Medtronic, Inc. v. Lohr
Headline: Narrow ruling lets state injury lawsuits against medical device makers proceed, rejecting blanket federal preemption and allowing patients to sue manufacturers over faulty pacemaker leads.
Holding: The Court held that the Medical Device Amendments do not categorically bar state common-law damage claims, allowing a Florida negligence and strict-liability suit over a pacemaker lead to proceed while the case returns for further proceedings.
- Permits many state product-liability lawsuits against medical device manufacturers to proceed.
- Limits federal preemption under the Medical Device Amendments for many 510(k) devices.

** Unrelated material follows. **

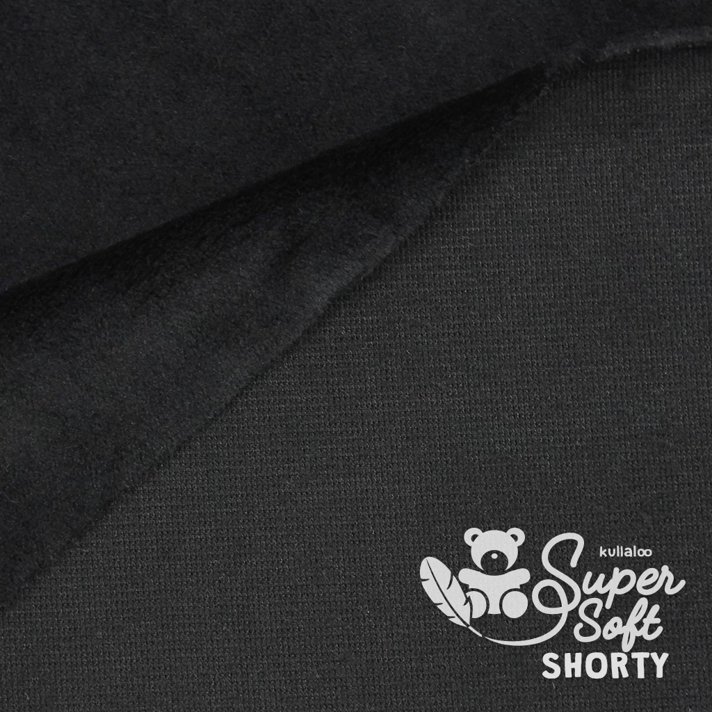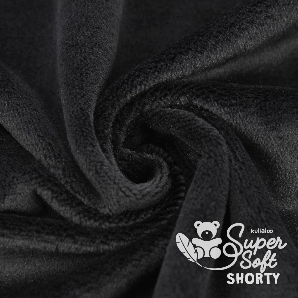 Unser SuperSoft SHORTY Plüschstoff schwarz ist ein leicht dehnbarer, qualitativ hochwertiger Microfaser-Plüsch / Minky aus dem Hause kullaloo. Egal, ob du den Plüsch zum Kindersachen nähen benötigst oder für Nähprojekte im Bereich Deko- und Wohntextilien, unser Kurzhaarplüsch SHORTY ist das ideale Material! Du kannst mit den vielen fröhlichen und leuchtenden Farben ganz bezaubernde Kuscheltiere nähen, aber auch wundervolle Babydecken, Knistertücher oder andere Baby-Accessoires.
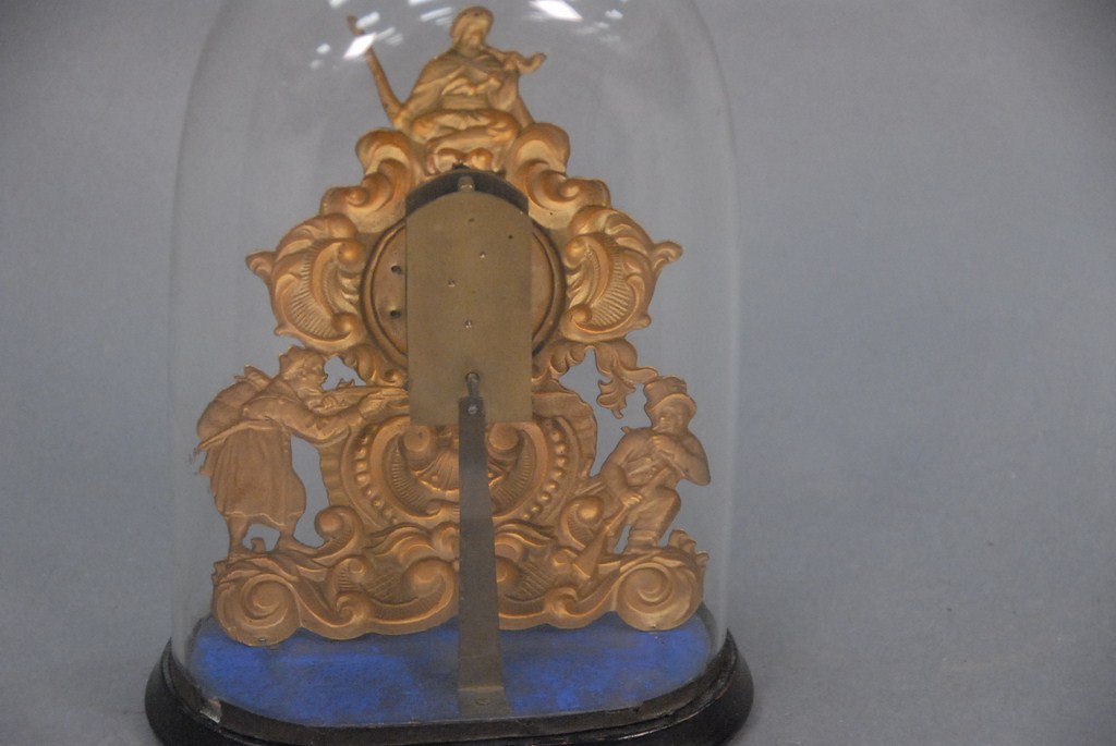 Continental shelf clock under glass dome with front pendulum

- Remands cases for trial so claims are resolved on their facts.
Summary
Background
A patient (Lora Lohr) sued a medical device maker after her pacemaker lead allegedly failed and caused a medical emergency. She brought negligence and strict-liability claims in Florida state court. The manufacturer removed the case and argued that the federal Medical Device Amendments of 1976 (MDA) — and the FDA’s clearance of the lead through the 510(k) process — pre-empted state-law claims.
Reasoning
The Court asked whether the MDA bars state common-law damage suits. It started from the usual presumption against pre-emption of state health and safety rules and examined the statute’s text and the FDA’s implementing regulations. The Court held that the 510(k) “substantial equivalence” process focuses on equivalence, not formal federal approval of a device’s design, and so does not automatically pre-empt design claims. It also said state claims that merely duplicate federal requirements can survive, and that general manufacturing and warning duties did not fall within the statute’s intended pre-emptive scope in this case. The Court reversed the appeals court insofar as it had found pre-emption and remanded for further proceedings.
Real world impact
The decision lets many injured patients pursue state product-liability suits against device makers, including suits over devices cleared by 510(k). It prevents a blanket immunity defense based on the MDA. Because the ruling resolves pre-emption rather than the underlying facts, individual claims still must be proved in lower courts and outcomes may differ by case and state law.
Dissents or concurrances
Justice Breyer agreed the MDA can sometimes pre-empt state tort suits but concluded it did not do so here. Justice O’Connor (joined by three Justices) would have read §360k more broadly and would have pre-empted at least some manufacturing and failure-to-warn claims.